Titel: Hetherington's verbesserte Flyer- und Waterspindeln.
Autor: Anonymus
Fundstelle: 1863, Band 169, Nr. VI. (S. 19–20)
URL: http://dingler.culture.hu-berlin.de/article/pj169/ar169006

VI. Verbesserte Flyer- und Waterspindeln, von J. M. Hetherington und Th. Jackson in Manchester.

Aus dem Engineer, Februar 1863, S. 120; durch das polytechnische Centralblatt, 1863 S. 647.

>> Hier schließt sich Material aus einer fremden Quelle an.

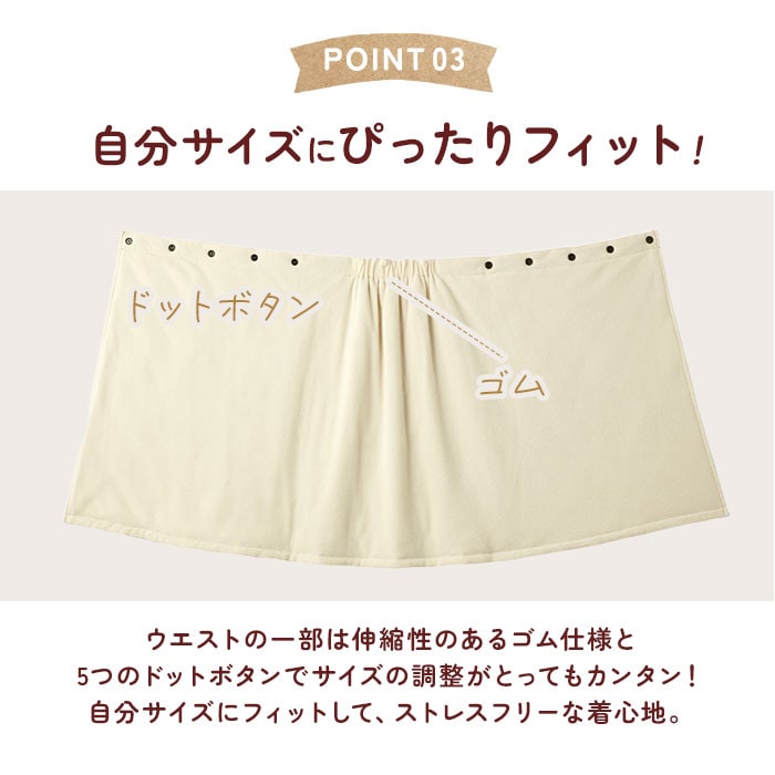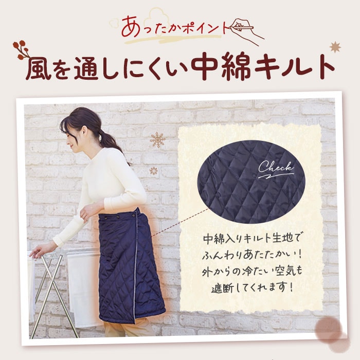 | 商品説明 | 寒い冬の味方☆ぬくぬくあたたかい「中綿キルトリバーシブル巻きスカート」が新登場。【ふんわりあったか♪】中綿を入れたキルト生地を使用。薄手のソフトな質感ながら、冷えやすい腰まわりを温めてくれるアイテム。【うれしいリバーシブル仕様】中綿入りキルトの裏側はフリース生地になっており、表裏どちらも使えるリバーシブルタイプ。お好みに用途に合わせて、使い分けできるのが嬉しい!【いつでもどこでもサッと装着】洋服の上に重ねて巻くだけ!お家ではもちろんオフィスやアウトドアシーン、スポーツ観戦などでも大活躍◎【自分サイズにフィット】ウエストの一部は伸縮性のあるゴム仕様&5つのドットボタンが配置されており、サイズの調整がラクラク。心地よいフィット感で、ストレスフリー。【持ち運びにも便利】折りたためばコンパクトサイズになるので、持ち運びもスマート。【お手入れ簡単】汚れが気になったら、ネットに入れて洗濯機洗いOK。いつも清潔をキープ◎【選べるカラー】秋冬コーデに馴染みやすく、どなたでも使いやすい落ち着きのあるカラーをラインナップ。 |
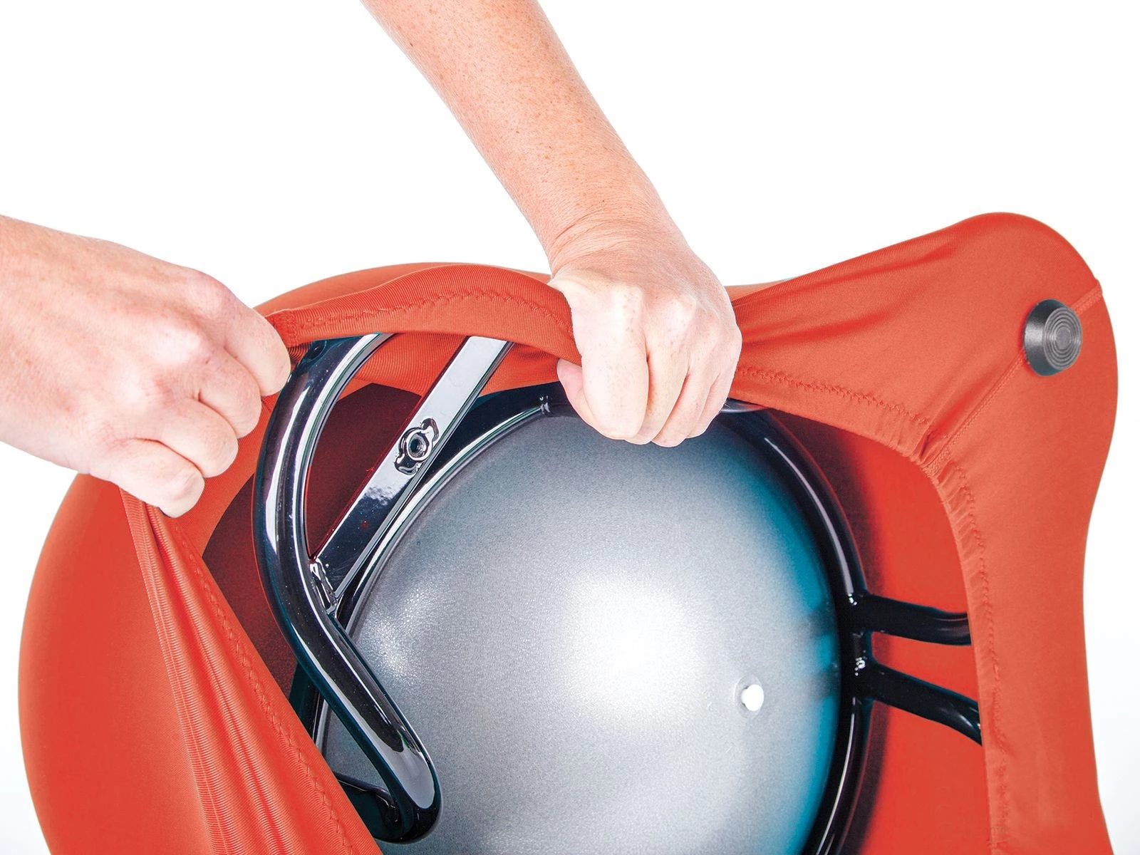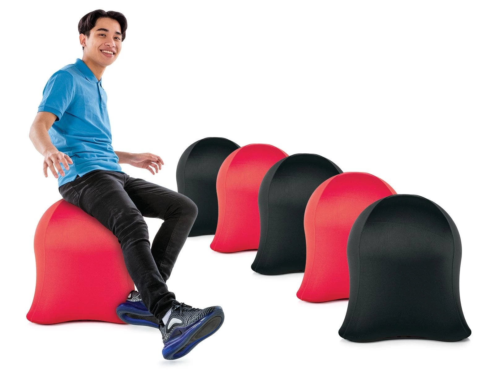 A Spandex cover that can easily be removed and handwashed is ideal for large settings with multiple students. Lightweight steel frame and anti-burst PVC ball stand up to routine use. Includes 4 plastic feet and inflation pump. Chair supports up to 485 lb. Choose the Complete Set that includes 3 ea Red, Black. Both colors also available individually. 18½” (47 cm) overall dia; 10 lb.
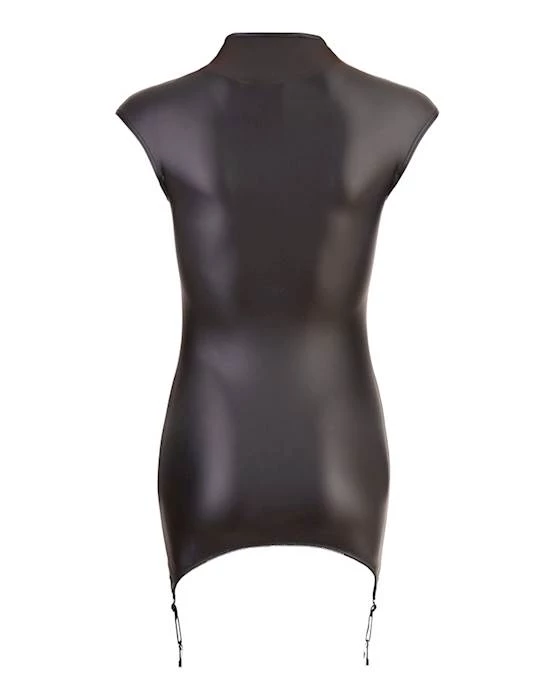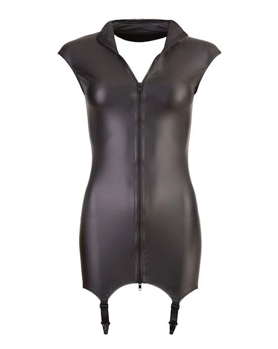 Enjoy erotic moments when you wear this suspender dress. The high-necked and sleeveless mini dress made of matte-gloss fabric impresses with its two-way zipper at the front and the four sewn-on suspenders.
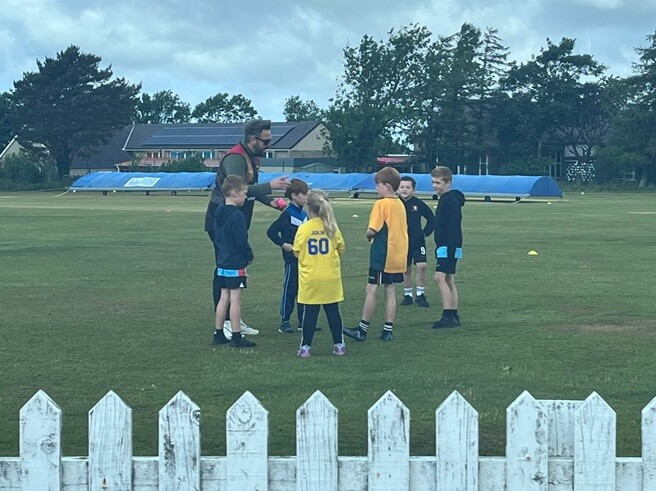 53 Juniors having an "Introduction to Cricket" session and a quiz at the club house.

Mit einer Abbildung auf Tab. I.

Der erste Theil dieser Erfindung betrifft das Schmieren der Spindeln. Die Spindel dreht sich in einer Pfanne, die ringsherum von einer Kammer umgeben ist und durch einen oder mehrere Canäle mit derselben in Verbindung steht, um dem Oele den Durchgang zu gestatten.

Der zweite Theil bezieht sich nur auf Watermaschinen und besteht in einer eigenthümlichen Vorrichtung, durch welche das Zurückbleiben der Spule hervorgebracht und regulirt wird. Eine Metallplatte, welche mit der Spule durch einen Stift verbunden ist und daher mit dieser stets gleiche Bewegung hat, ist nämlich von außen nach innen abgeschrägt und läuft unten mit einer nach Bedürfniß zu vergrößernden oder zu verkleinernden Fläche auf einer Lederscheibe, durch deren Reibung die Verzögerung der Spule hervorgebracht wird.

Fig. 16 zeigt beide Punkte an einer Spindel vereinigt, doch können sie auch getrennt angewendet werden. Die Pfanne b, in welcher die Spindel a sich dreht, ist ringsherum von einer Kammer c umgeben, die durch Canäle e mit der Pfanne in Verbindung gefetzt und oben durch einen Deckel d geschlossen ist. Das Oel wird in die Kammer c eingefüllt und steht daher mit dem Stift der Spindel beständig in Berührung; derjenige Theil des Oels, welcher in der Pfanne aufsteigt, fällt in die Kammer zurück. Was den zweiten Punkt der Erfindung betrifft, so ruht die Spule f auf einer Metallscheibe g auf und ist mit derselben durch einen Stift h verbunden, so daß beide eine gemeinschaftliche Bewegung haben. Unten ist die Scheibe g von außen nach innen abgeschrägt, in der Mitte aber, wo sie auf der Lederscheibe i aufruht, abgeflacht; je nachdem man nun die Abschrägung steiler oder flacher macht, oder, wenn es sich um geringere |20| Aenderungen handelt, eine größere oder kleinere Lederscheibe anwendet, wird ein größeres oder geringeres Zurückbleiben der Spule hervorgebracht. Die Scheibe g hat in der Mitte eine vorspringende Büchse k welche die Spindel innerhalb der Spule umfaßt und der letzteren die gehörige Stabilität verleiht.